Brasil-Venezuela
Em Londres, Lula se refere a Hugo Chávez como “parceiro de bons negócios” e se distancia das afinidades políticas. Atrito com Senado brasileiro sobre cassação de TV realça divergências crescentes
O presidente Luiz Inácio Lula da Silva procurou ontem enterrar a troca de acusações iniciada na semana passada entre o governo de Hugo Chávez e o Congresso brasileiro. Em Londres, em entrevista ao programa de TV Hard talk, da BBC, ele ressaltou que o mandatário venezuelano “é um parceiro do Brasil” e “não representa perigo para a América Latina”. Apesar da postura conciliatória, Lula deixou claro que a relação com a Venezuela avança na senda do pragmatismo econômico e se afasta do discurso ideológico que marcou o primeiro mandato. “Chávez tem sido um parceiro do Brasil”, disse Lula. “Nós temos grandes negócios na Venezuela, estamos fazendo refinarias conjuntas.”
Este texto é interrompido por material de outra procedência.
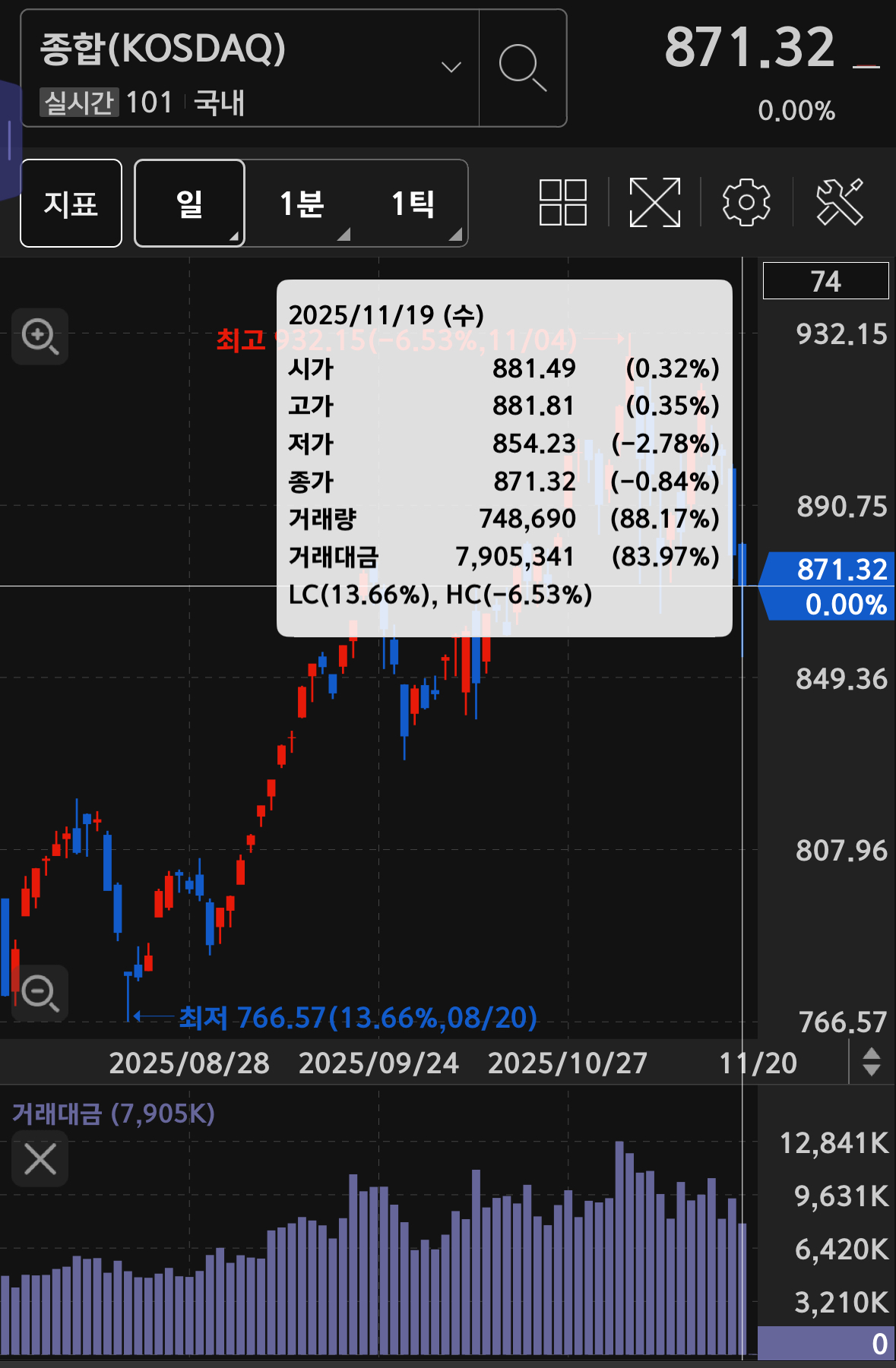 코스닥의 거래대금은 7.9조 가량으로 16% 가량 줄어들었음. 봉의 모습은 코스피와 유사한 긴 음봉 중 아래 꼬리도 길게 나오는 모습임.

Essa espécie de polarização política, que não significa necessariamente confrontação, fica cada dia mais evidente. E revela duas visões de mundo bastante distintas. Chávez e Lula não se entendem sobre temas centrais da integração sul-americana (leia quadro). O editorial de ontem do diário britânico The Guardian captou parte desse espírito, ao opinar que Chávez “vem animando muita gente de esquerda com sua dramaticidade, mas é o multilateralismo impulsionado por Lula que fará mais para mudar o mundo”.
Intitulado “Duas visões de progresso”, o editorial traça semelhanças entre os dois: “São progressistas radicais reeleitos pelos pobres, em sociedades marcadas pelas terríveis diferenças de oportunidade”. Mas ressalta que “Lula se envolveu com o sistema político internacional, ao invés de desafiá-lo”. Nesse sentido, os Estados Unidos surgem como ponto de inflexão entre as diplomacias de Brasília e Caracas. Lula marcou essa diferença ao comentar à BBC que “Chávez tem suas razões para brigar com os Estados Unidos, e os Estados Unidos têm suas razões para brigar com a Venezuela”, mas “o Brasil não tem nenhuma razão para brigar com os Estados Unidos ou a Venezuela”.
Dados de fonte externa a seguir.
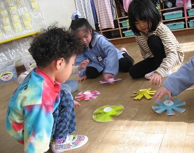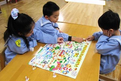 お正月あそびは手作り羽子板での羽根つき、紙コップで作ったこま回し、かるた、福笑い、すごろくを楽しみました。勝負にこだわったり友だちと助け合ったりする姿が見られ、とても微笑ましかったです。まだまだ盛り上がりが続きそうですよ☆

Questionado se hoje na América do Sul havia dois modelos políticos e econômicos — um de Chávez e outro de Lula — disputando espaço e áreas de influência, o presidente afirmou que o importante é as nações sul-americanas terem crescimento econômico. “O sonho da América Latina é que todos cresçam economicamente, façam distribuição de renda e melhorem a vida do povo. É assim que pensa o presidente Kirchner, é assim que pensa o presidente Chávez, é assim que pensa o presidente Lula”, resumiu.
Descompasso
Mas, enquanto o ex-sindicalista pondera sobre liberdade de imprensa e soberania, o militar radicaliza e se diz alvo de seguidos planos de magnicídio, supostamente arquitetados por Washington, mas sobre os quais nunca apresentou provas. Ao desembarcar em Nova Délhi, na Índia, Lula expressou o desejo de que a polêmica entre Chávez e o Congresso brasileiro seja resolvida logo. Na semana passada, o presidente venezuelano chamou os parlamentares de “papagaios de Washington”, em resposta ao pedido formal aprovado pelo Senado para que Chávez renovasse a licença da emissora RCTV.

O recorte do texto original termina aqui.